Microsoft's latest quarterly results revealed strength in its cloud computing business, but a gloomy outlook was getting the spotlight on Wednesday and weighing on stocks across the sector. After such a brutal stretch for tech and with the Nasdaq still in a bear market, it's no wonder investors are a bit pessimistic.
Shares in Microsoft (ticker: MSFT) fell 3.9% after the company reported better-than-expected results for the December quarter. While investors initially reacted positively to the news, sending the stock up 5%, concerns about the company's PC software business led to a sell-off in after-hours trading.

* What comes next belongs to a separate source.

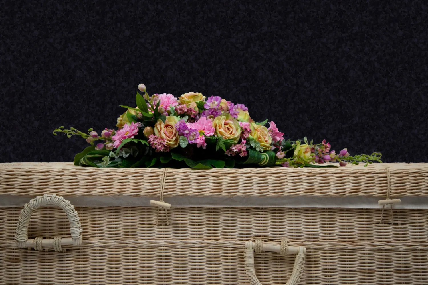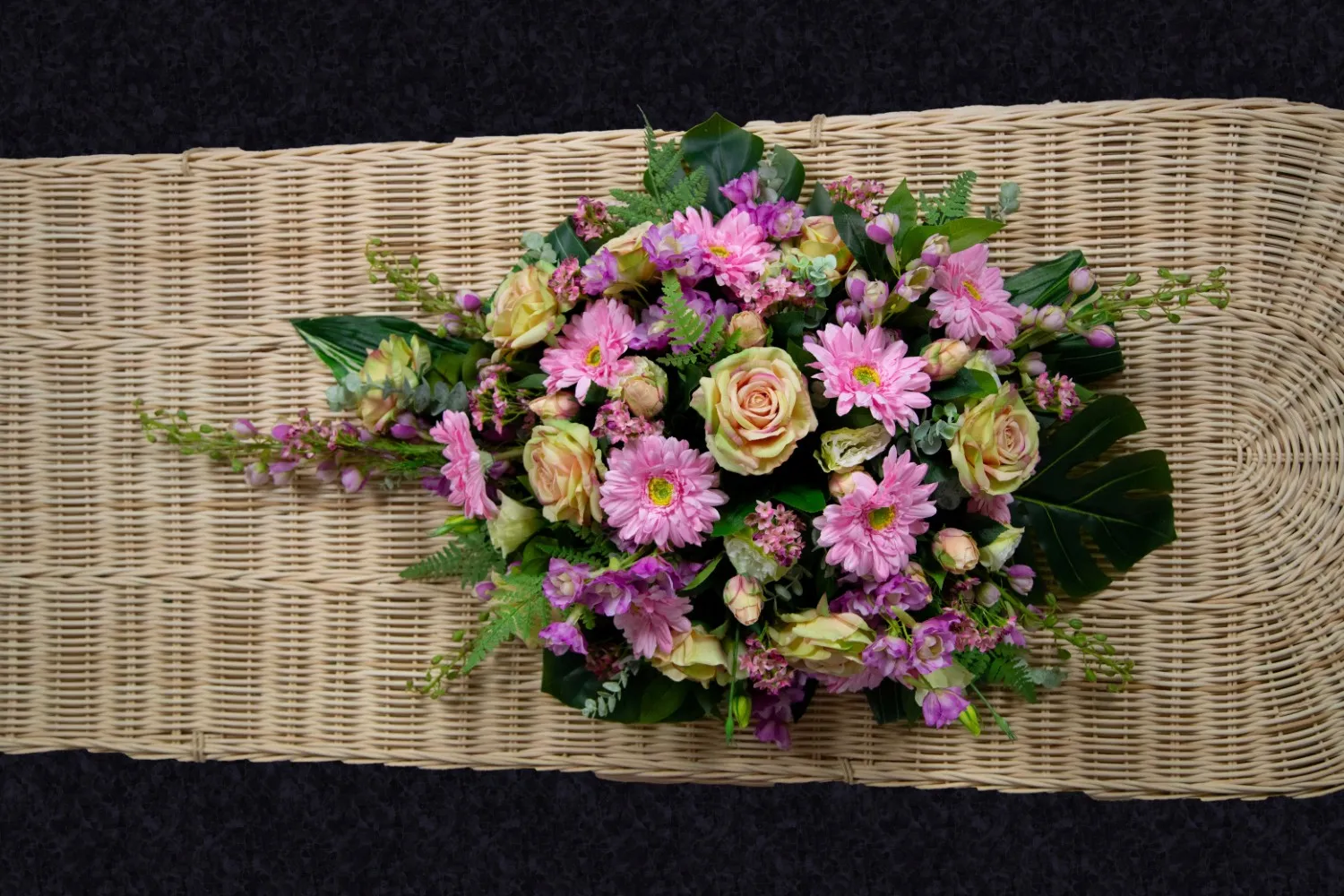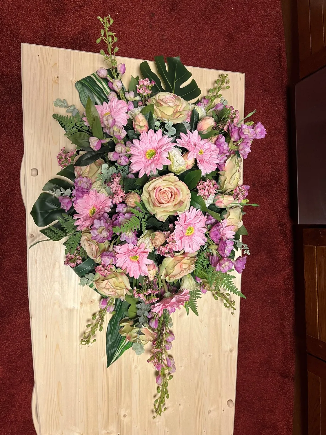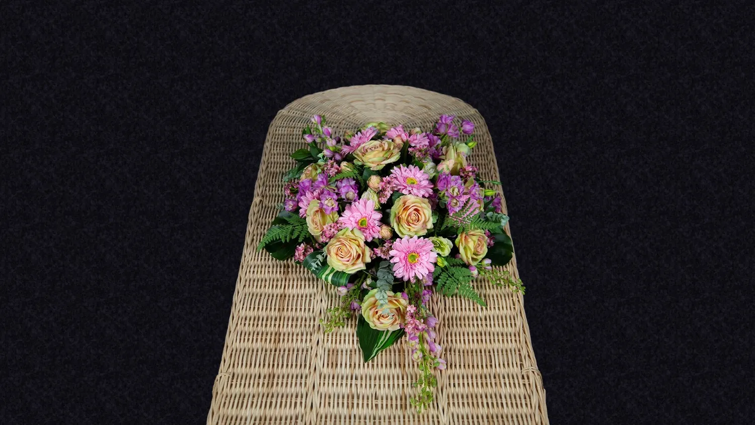 Een verfijnd rouwstuk in zachte roze en pastelgroene tinten, gevuld met luxe zijden rozen, gerbera’s en fijne bloesems. Dit arrangement ademt zachtheid, liefde en tederheid. De hoogwaardige zijden bloemen blijven prachtig en vormvast, waardoor het ideaal is voor op de kist of bij een intieme ceremonie.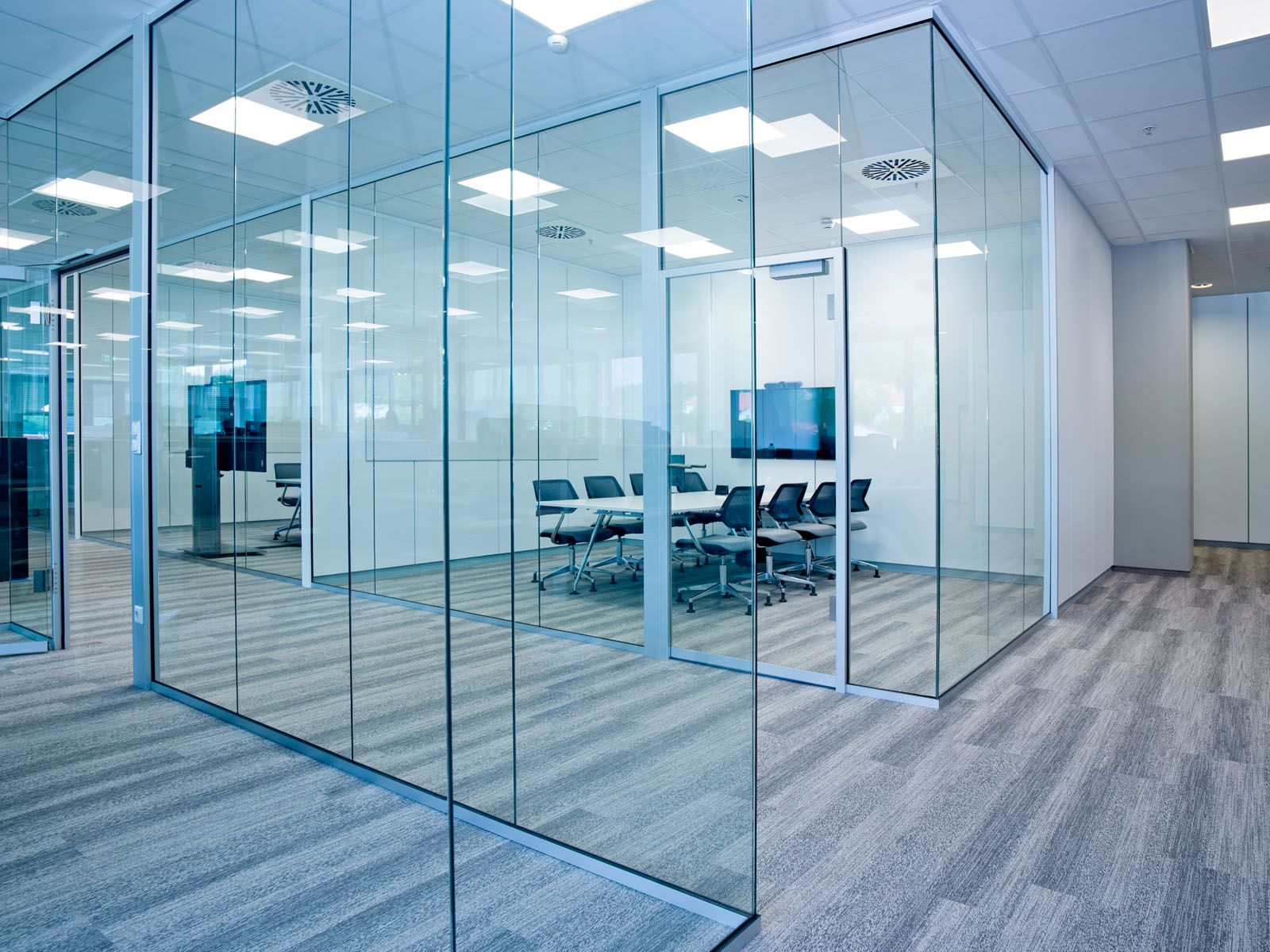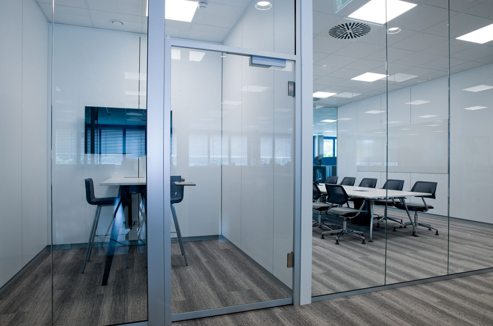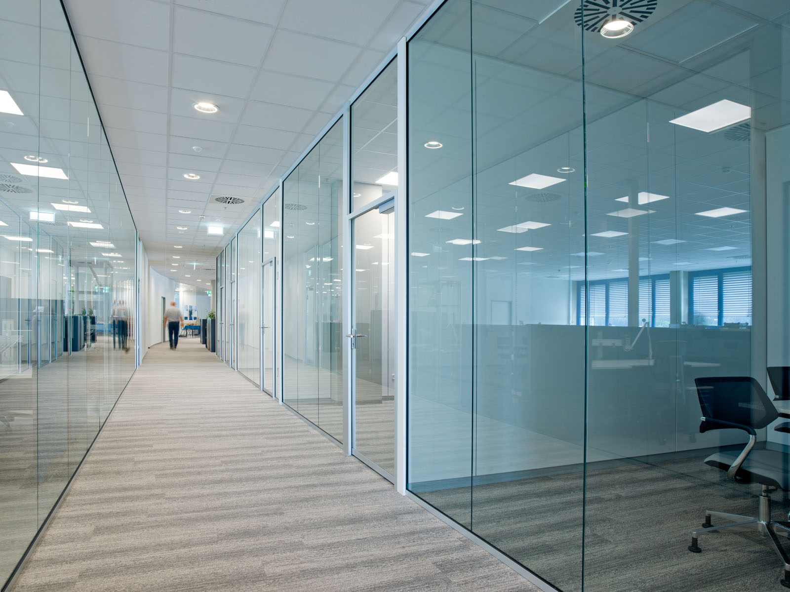 Mehr als 800 laufende Meter Systemtrennwände aus Glas von Goldbach Kirchner mit Medienintegration und beschreibbaren Modulen sind von fritzoffice entwickelt und eingebaut worden.

The company also saw weakness in its PC software business. The stock initially rallied 5%, but gave back its gains. The company's PC software business has been weak recently, and this caused the stock to rally 5% at first, but it gave back its gains shortly afterwards.
Microsoft wasn't the only stock to decline today. Amazon, whose Amazon Web Services is similar to Microsoft's Azure, shed 4.8%. There was more red across the cloud computing space, with shares in Salesforce CRM dropping 3.2%, Palo Alto Networks slipping 2.3%, and Snowflake tumbling 7.2%. The tech-heavy Nasdaq index was down 2%.
Despite strong growth in its Intelligent Cloud business in the fourth quarter, Microsoft was not able to dominate the narrative. Revenue in Intelligent Cloud, which includes Azure, came in at $21.5 billion, toward the upper end of the company’s own guidance, with Azure sales surging 38% on an annual, constant-currency basis.
Looking ahead, things appear to be getting darker for Microsoft. The company expects Intelligent Cloud sales growth to slow down to 17% to 19% in constant currencies in the March quarter, coming in at $21.7 billion to $22 billion. This is below the Wall Street consensus of $22.2 billion.
The read-across to Amazon and others is straightforward: Don’t get too excited about what may be upbeat fourth-quarter results. If Microsoft is expecting a gloomier start to 2023, then it is likely that other companies will follow suit.
Wall Street analysts are already concerned about the impact of Microsoft's earnings on Amazon's stock price. Lloyd Walmsley, of UBS, has lowered his target price for Amazon stock from $121 to $118, citing worries over Azure's growth outlook and what he sees as a weaker overall environment for enterprise IT spending.
The analysts have revised their estimates for revenue and operating income in Amazon's AWS business, not only for the first quarter of 2023 but also for the second half of this year. This is in response to Azure's disappointing growth outlook, which is calling for a sharp deceleration.
Fears of an impending recession are gripping Wall Street, as investors react to disappointing company outlooks and weak earnings reports. The fourth quarter may have been strong for the tech sector, but the stock market is forward looking—and it doesn’t like what it sees.